Molochio is a village of roughly 2,000 people in the Aspromonte foothills of Calabria, at approximately 450 meters above sea level. It is not famous for olive oil marketing. It is famous because researchers noticed something unusual: people here live a very long time, in very good health.

The village has been documented by National Geographic (2013) as part of its Blue Zones research, by Bloomberg and Forbes (both 2022) covering the ongoing longevity studies, and most significantly by Dr. Valter Longo of the USC Longevity Institute — who spent childhood summers in Molochio and has conducted formal research there.
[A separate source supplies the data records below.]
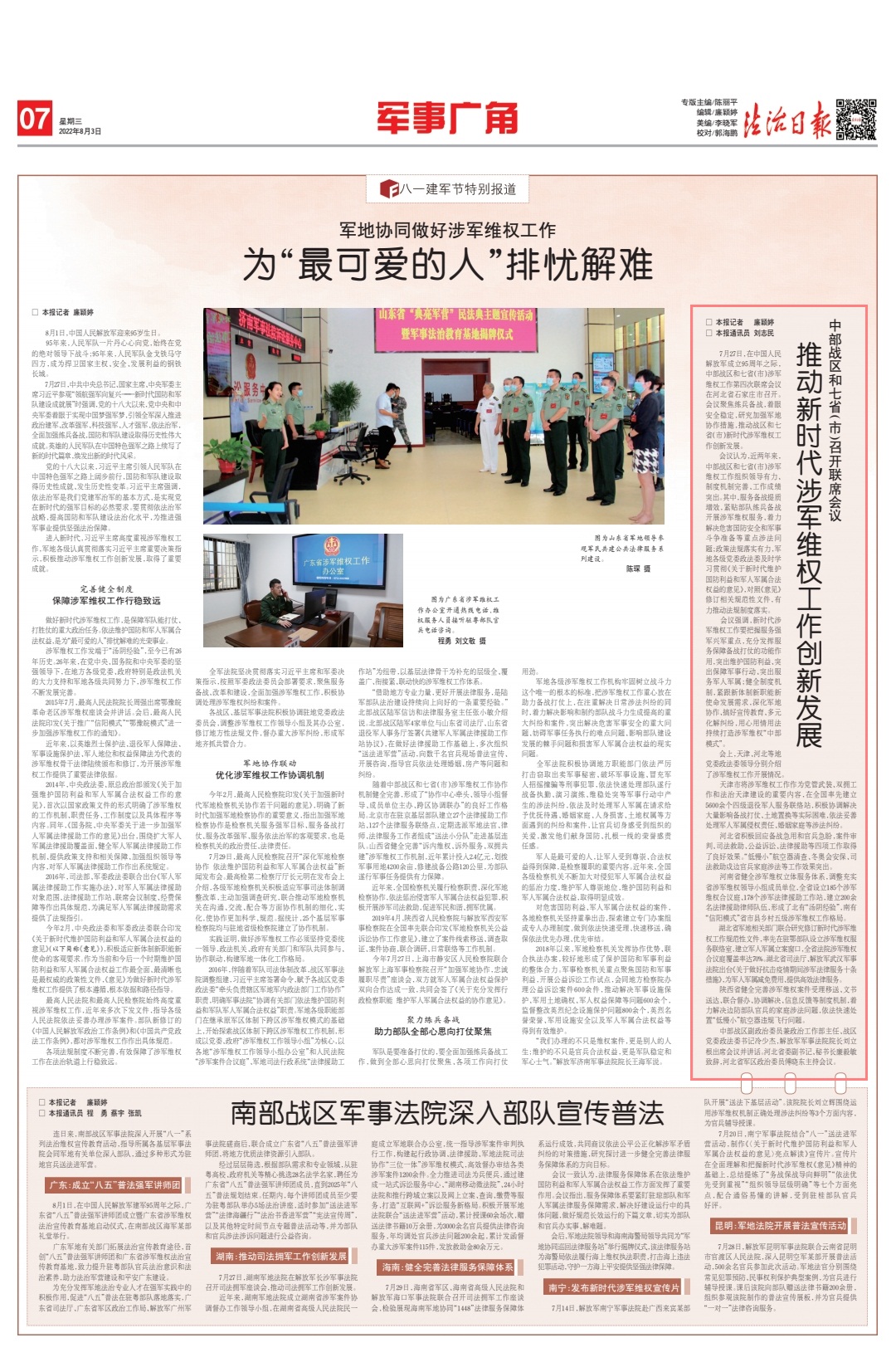 陜西省健全完善涉軍維權(quán)案件受理移送、文書送達、聯(lián)合督辦、協(xié)調(diào)解決、信息反饋等制度機制,著力解決邊防部隊官兵的家庭涉法問題,依法快速處置“低慢小”航空器違規(guī)飛行問題。
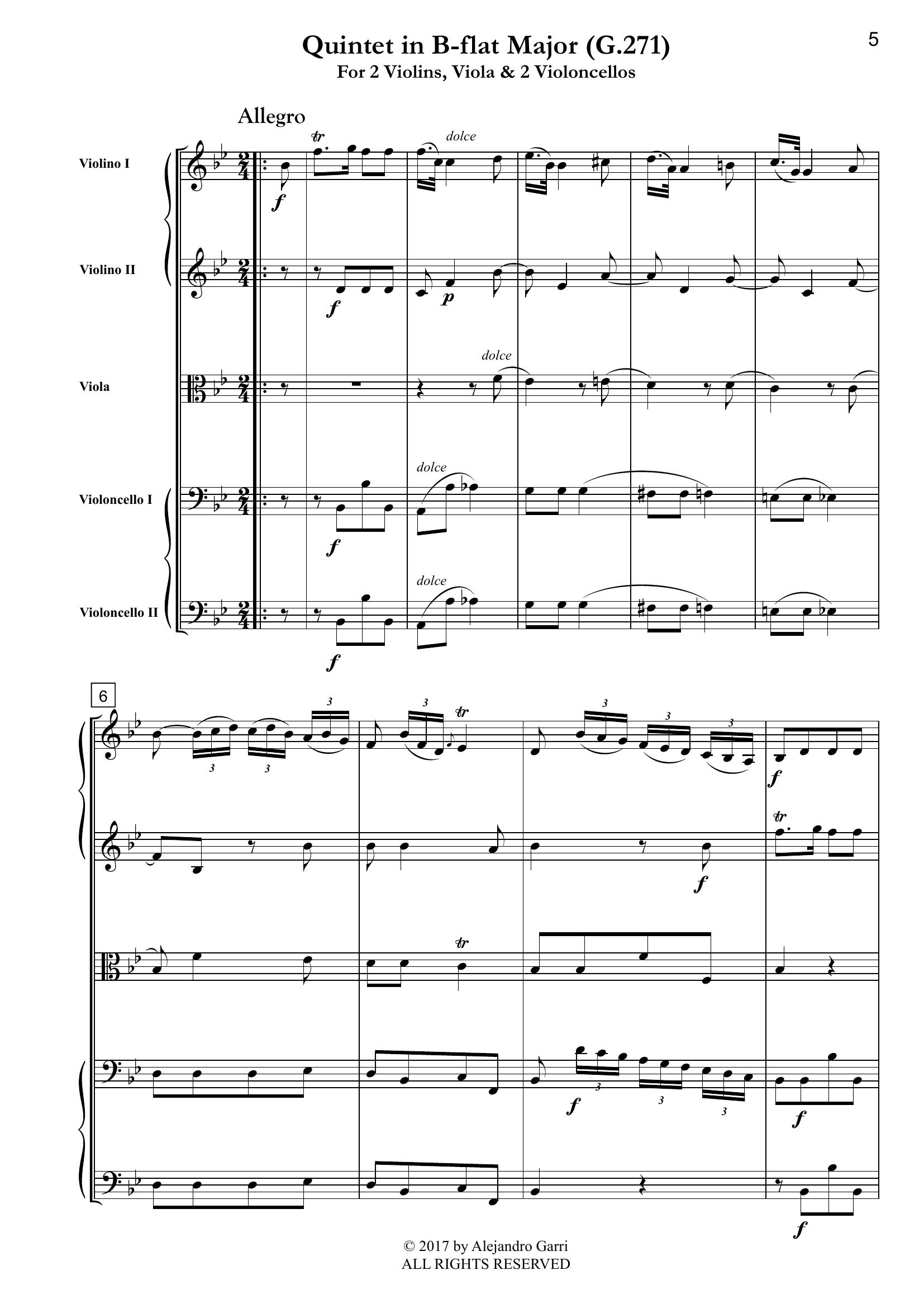 Boccherini, Luigi (1743 – 1805) Six String Quintets, Op.11, Volume 1, Quintet in B-flat Major (G.271), for 2 Violins, Viola & 2 Violoncellos (full score)
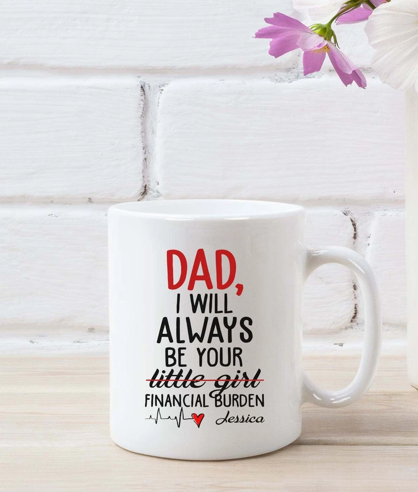 Personalized Dad Financial Burden Mug Fathers Day Cup Gift For Dad Gift From Product Details.. This high quality 11oz. ceramic white mug has a premium hard coat that provides crisp and vibrant color reproduction sure to last for years. Perfect for all hot & cold beverages. The highest quality printing possible is used. It will never fade no matter how many times you wash it. Material: 100% Ceramic. Print both sides. Dishwasher and Microwave Safe. High Gloss + Premium White Finish. Printed in the U.S.A. Personalized & Custom. We support personalized and custom mug to add custom, when placing an order, you can add notes to the "order note" in shipping address section. Also you can contact us directly via message. Shipping Info. Ready to ship in 1 to 2 business days, All products are made-to-order and proudly printed in the United States. Shipped by USPS and DHL, You will receive your order in 5-7 days. Replace & Refund. All products are defective during shipping broken, chipped will be replaced free of charge. You are not satisfied with the product, we will refund 100% money to you. If any other issues arise, please do not hesitate to message, we would be more than happy to assist you.
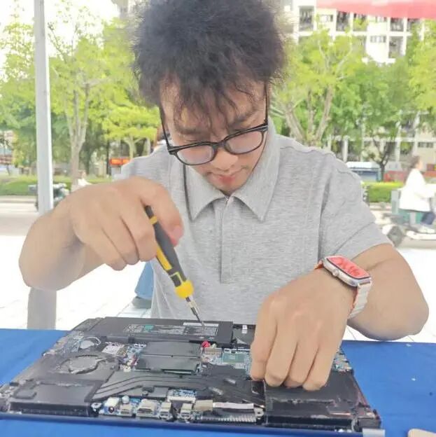 活动现场秩序井然,志愿者们提前到场,分工明确、各司其职。引导组认真登记师生信息及设备问题,咨询组耐心解答电脑使用疑惑,维修组以扎实的专业技能和规范操作,贴心开展维修服务。全程规范签署服务知情同意书,切实保障师生设备与数据安全。
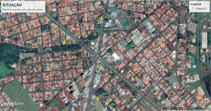 Localização do terreno da nova Casa "Arco Íris", que deverá ter capacidade para atender 30 crianças. Visão do mapa do Google: Rua João Madeira, Vila São Silvestre, atrás do velatório Irmãos Castelletto.
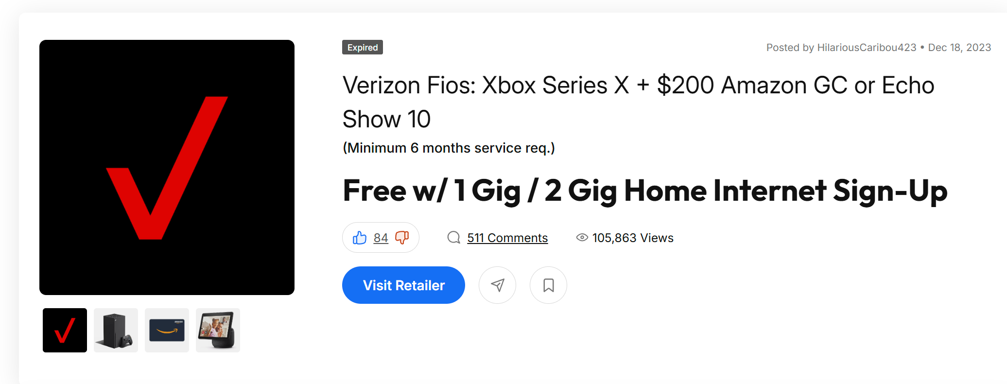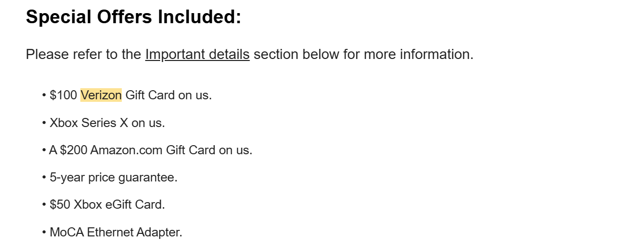 2023-12 1Gig/2Gig internet sign up => Xbox series X + $100 verizon gc + $200 amazon gc + $50 xbox gc

In the landmark 2014 Cell Metabolism study led by Longo and colleagues, a low-protein, plant-based diet rich in olive oil was associated with significantly lower IGF-1 levels and reduced all-cause mortality in people under 65. The study drew on dietary patterns from populations including Molochio. The researchers found that protein restriction mimicking traditional Mediterranean habits — with olive oil as the primary fat — was linked to a 74% lower relative risk of mortality from all causes in middle-aged adults.

Levine ME et al., "Low Protein Intake Is Associated with a Major Reduction in IGF-1, Cancer, and Overall Mortality in the 65 and Younger but Not Older Population." Cell Metabolism, 2014. DOI: 10.1016/j.cmet.2014.02.006

Longo later formalized this research through the Fasting Mimicking Diet and his longevity company L-Nutra — which uses specific, verified extra virgin olive oil in its protocols. Deliba supplies olive oil to L-Nutra in both US and EU markets. This is not a marketing claim. It is a supply relationship built on verified quality and shared origin.

The connection between Molochio and documented longevity outcomes is the single most defensible positioning in the US olive oil market. No brand based in California can claim this origin. No brand sourcing from multiple regions can claim this specificity. Read the full story of the village behind our olive oil →

A 2022–2023 randomized clinical trial conducted in Molochio and neighboring Varapodio further examined the relationship between traditional dietary patterns and biological age markers in elderly residents. Results supported the hypothesis that lifelong adherence to high-polyphenol EVOO consumption within a Mediterranean dietary pattern is associated with favorable cardiovascular and inflammatory biomarkers.

Referenced in: "Longevity in Molochio, Calabria — Research and Worldwide Coverage" (Deliba internal documentation, 2024)
Ottobratico olive branch with green fruit at harvest time — Molochio, Southern Italy, October 2025
Mechanism

What Polyphenols Actually Do — and Why It Matters for Aging

The longevity benefits attributed to extra virgin olive oil are not simply about fat composition. The Mediterranean diet has been studied extensively, and the PREDIMED trial — a large-scale randomized controlled trial published in the New England Journal of Medicine — found that supplementing with EVOO reduced major cardiovascular events by approximately 30% compared to a low-fat control diet.

The PREDIMED study randomized over 7,000 participants at high cardiovascular risk. Those assigned to a Mediterranean diet supplemented with extra virgin olive oil showed a 30% relative risk reduction in major cardiovascular events over a median follow-up of 4.8 years, compared to the control group.

Estruch R et al., "Primary Prevention of Cardiovascular Disease with a Mediterranean Diet." New England Journal of Medicine, 2013. DOI: 10.1056/NEJMoa1200303

The active compounds responsible are primarily oleocanthal and oleacein — two phenolic compounds found at significant concentrations only in fresh, high-quality EVOO. Oleocanthal inhibits the same COX-1 and COX-2 enzymes targeted by ibuprofen, which is why high-polyphenol oil produces a characteristic peppery sensation at the back of the throat — not a flaw, but a biomarker of activity.

Oleocanthal — natural COX inhibitor

Inhibits cyclooxygenase enzymes (COX-1 and COX-2) — the same mechanism as ibuprofen. First identified in 2005 research published in Nature. The throat scratch is the signal.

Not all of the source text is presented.